- [TO DO]: Unless a line falls after the one with "[MUA 2 TÍNH", retype it exactly from the records below; leave out all pictures.

- [AVAILABLE DATA]:
--

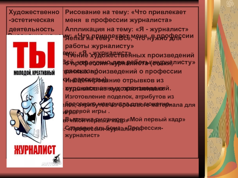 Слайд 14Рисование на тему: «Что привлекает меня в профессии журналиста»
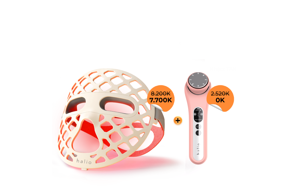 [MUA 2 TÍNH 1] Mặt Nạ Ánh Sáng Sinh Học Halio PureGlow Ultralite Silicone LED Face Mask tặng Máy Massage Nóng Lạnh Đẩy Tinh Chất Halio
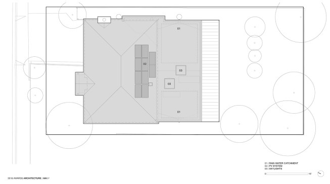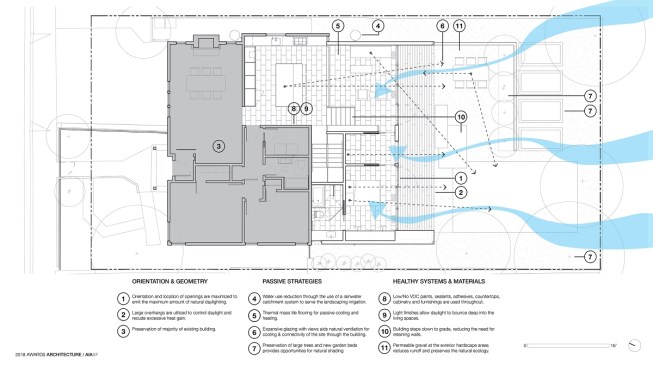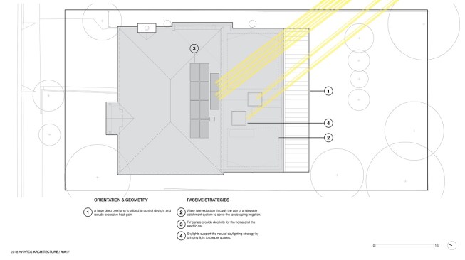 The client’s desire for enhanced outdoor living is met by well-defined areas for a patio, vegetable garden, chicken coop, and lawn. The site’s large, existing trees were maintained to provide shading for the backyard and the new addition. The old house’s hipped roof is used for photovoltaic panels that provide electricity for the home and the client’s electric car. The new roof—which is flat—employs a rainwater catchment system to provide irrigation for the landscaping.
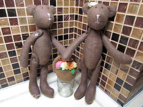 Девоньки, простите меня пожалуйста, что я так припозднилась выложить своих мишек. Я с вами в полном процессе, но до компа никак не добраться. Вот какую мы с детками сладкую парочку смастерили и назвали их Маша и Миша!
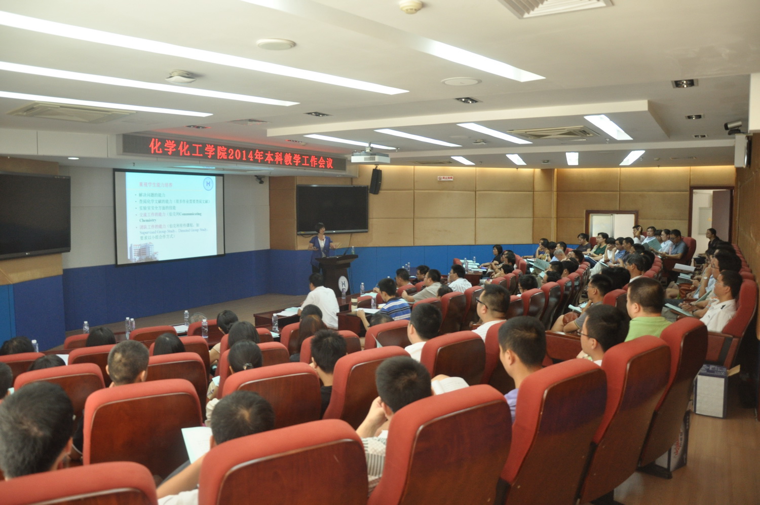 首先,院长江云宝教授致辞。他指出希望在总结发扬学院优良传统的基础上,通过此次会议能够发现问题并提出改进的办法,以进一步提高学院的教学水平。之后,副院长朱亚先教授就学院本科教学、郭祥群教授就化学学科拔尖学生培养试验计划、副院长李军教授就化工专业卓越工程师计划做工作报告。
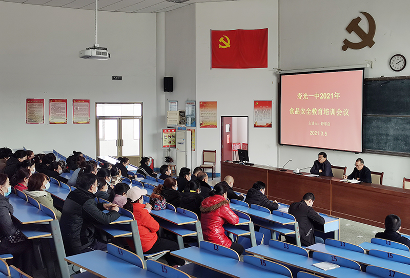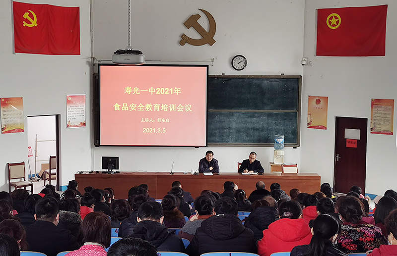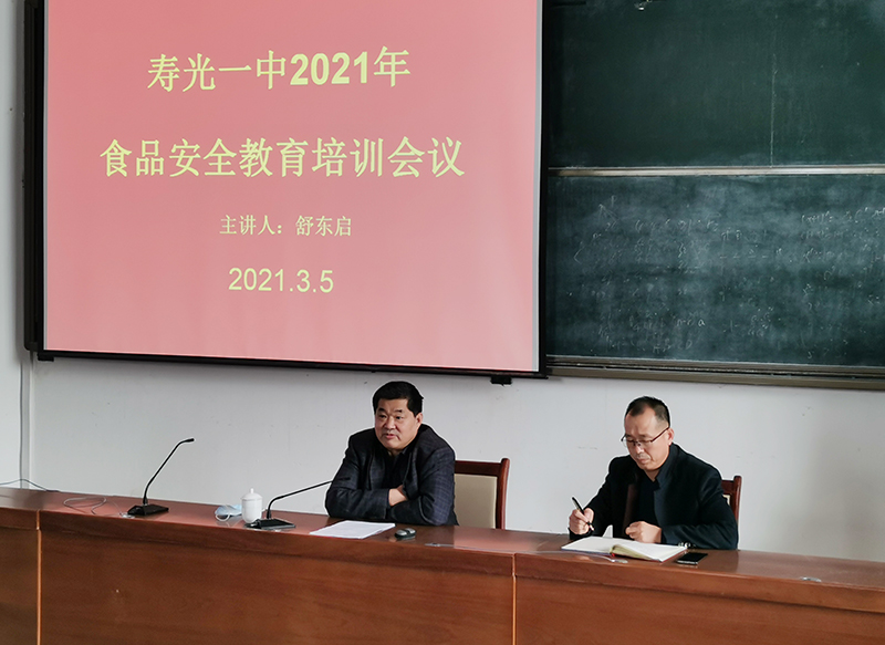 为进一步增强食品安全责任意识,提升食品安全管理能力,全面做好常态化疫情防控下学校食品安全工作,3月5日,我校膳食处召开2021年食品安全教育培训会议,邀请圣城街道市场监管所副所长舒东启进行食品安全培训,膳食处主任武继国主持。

--

- [ANSWER TO THIS TASK]:
 Слайд 14Рисование на тему: «Что привлекает меня в профессии журналиста»
 [MUA 2 TÍNH 1] Mặt Nạ Ánh Sáng Sinh Học Halio PureGlow Ultralite Silicone LED Face Mask tặng Máy Massage Nóng Lạnh Đẩy Tinh Chất Halio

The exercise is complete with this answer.